You and I work together as a team. Nothing happens to you — it happens with you. We check in constantly. You guide the pace. During bilateral stimulation, you're simply noticing what comes up — images, sensations, emotions, thoughts — while your brain begins to do what it's actually designed to do: process and integrate.
Some people feel significant shifts quickly. Others move more slowly, and that's not a sign that something is wrong. Every nervous system is different.
It might feel harder before it feels better. I want to be upfront about that. Processing can stir things up temporarily, and that doesn't mean you're falling apart — it often means things are moving. But I also don't want to promise that everyone has a hard stretch, because that's not true either. Some people feel relief relatively quickly.

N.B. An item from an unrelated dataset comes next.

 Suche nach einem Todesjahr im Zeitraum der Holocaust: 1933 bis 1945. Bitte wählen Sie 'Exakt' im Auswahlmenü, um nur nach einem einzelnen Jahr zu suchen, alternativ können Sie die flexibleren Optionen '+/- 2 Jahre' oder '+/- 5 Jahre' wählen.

What I can promise is that you won't be navigating any of it alone.
For a deeper look at how EMDR works and what the full process involves, my guide to EMDR Therapy Phoenix: A Trauma Therapist's Complete Guide to Moving Forward and Hope walks through all of it.
You Don't Have to Be 100% Ready. You Just Have to Be Curious.

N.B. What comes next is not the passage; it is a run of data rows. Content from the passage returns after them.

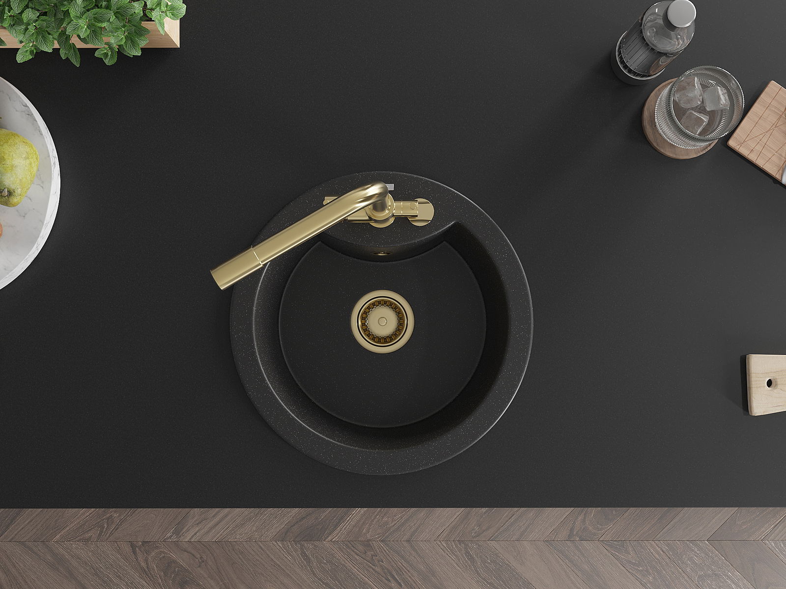 Zlew posiada podfrezowany otwór o średnicy 35 mm do samodzielnego wybicia. Można go wykorzystać m.in. do montażu dozownika na płyn, który wyeliminuje obecność plastikowych butelek w kuchni i nada jej eleganckiego wykończenia.
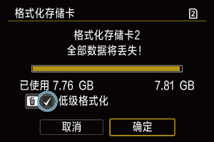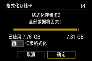 - 如果感觉存储卡的写入或读取速度较慢或如果想要彻底删除存储卡中的所有数据,请执行低级格式化。
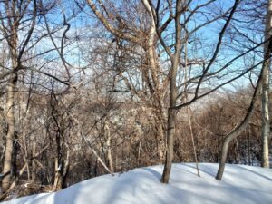 3月も中旬になると、吹く風の中にもどことなく真冬の寒さとは違ったふんわりとした温かさを感じさせられてしまいます。少し早起きをして「藻岩山」の「慈啓会病院」登山口へ一時間半くらい徒歩で向かいました。ビルの屋上越しに見える「藻岩山」山頂は青空です。
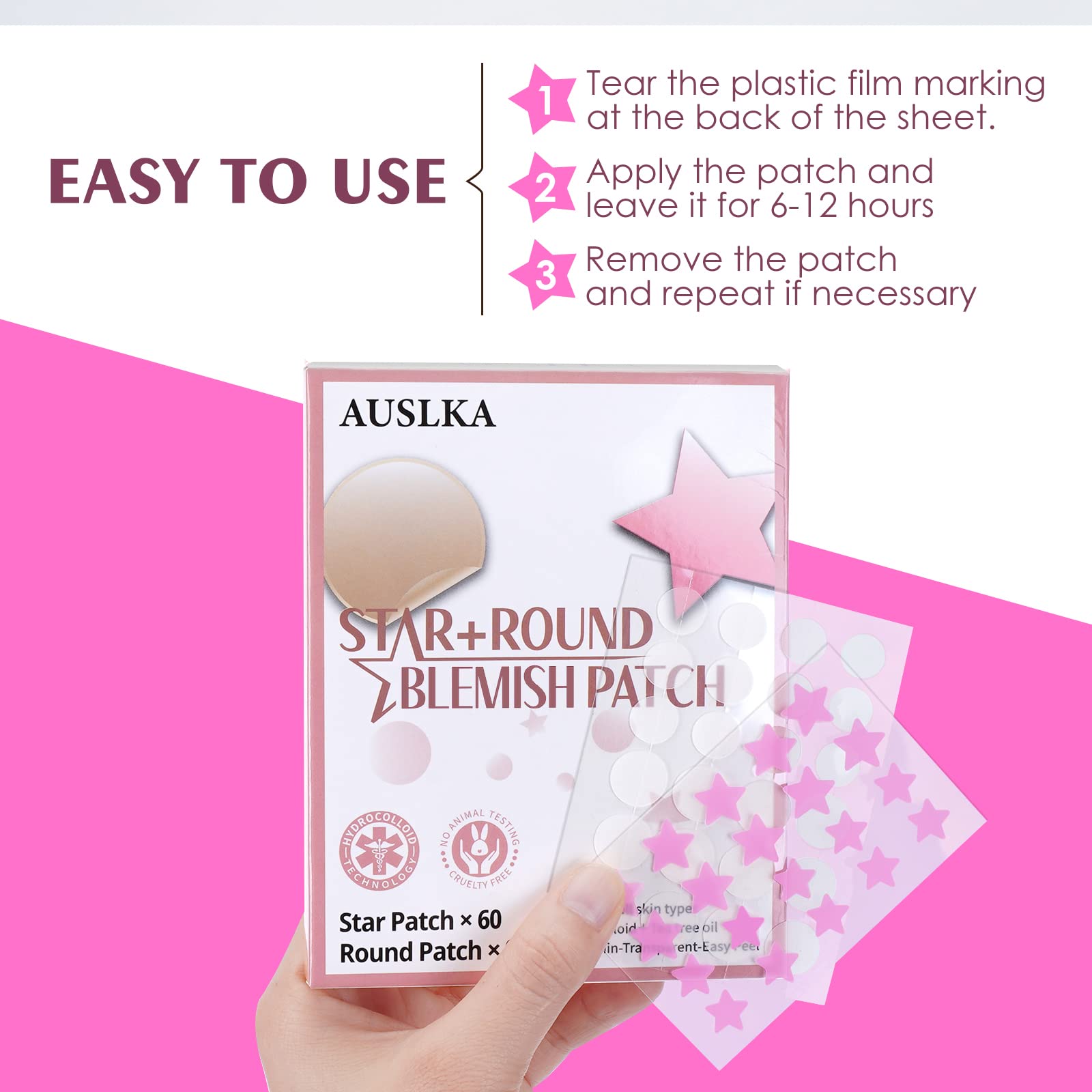 AUSLKA Star Pimple Patches -156 Patches - Hydrocolloid Spot Dots, Blemishes Patch - Pimple Stickers, Patches To Cover Facial Blemishes

Here's the thing about waiting until you feel completely ready: for a lot of people, that moment never comes. Because the fear of starting — the avoidance, the new crises, the "not yet" — is often part of what the trauma created in the first place.
Readiness doesn't have to mean fearless. It can just mean curious enough to ask the questions.
A free 15-minute consultation is exactly that — a conversation. A chance to ask everything you've been wondering, say the fears out loud, and figure out together whether the timing and fit feel right. No pressure, no commitment, no diving into anything before you're ready.
Some part of you landed on this page for a reason.
If you're wondering whether EMDR Therapy Phoenix might be right for you, I'd love to talk. You can learn more about my approach and services or schedule a free consultation to get started.
Your healing doesn't have to be perfect. It just has to begin.
TL;DR
Avoiding EMDR even when you want to heal is incredibly common — and it usually makes complete sense given what the nervous system learned
Sometimes "not ready" is genuine, and sometimes the chaos keeping you stuck is actually being driven by unprocessed trauma
You won't be thrown into the deep end — stabilization, grounding, and your own pace come first, always
You don't have to verbalize your trauma for EMDR to work, and you can slow down or stop at any point
Things might feel harder before they feel better, and that's okay — extra self-compassion and good support around you matters during this time
You don't have to be fearless to start. Just curious.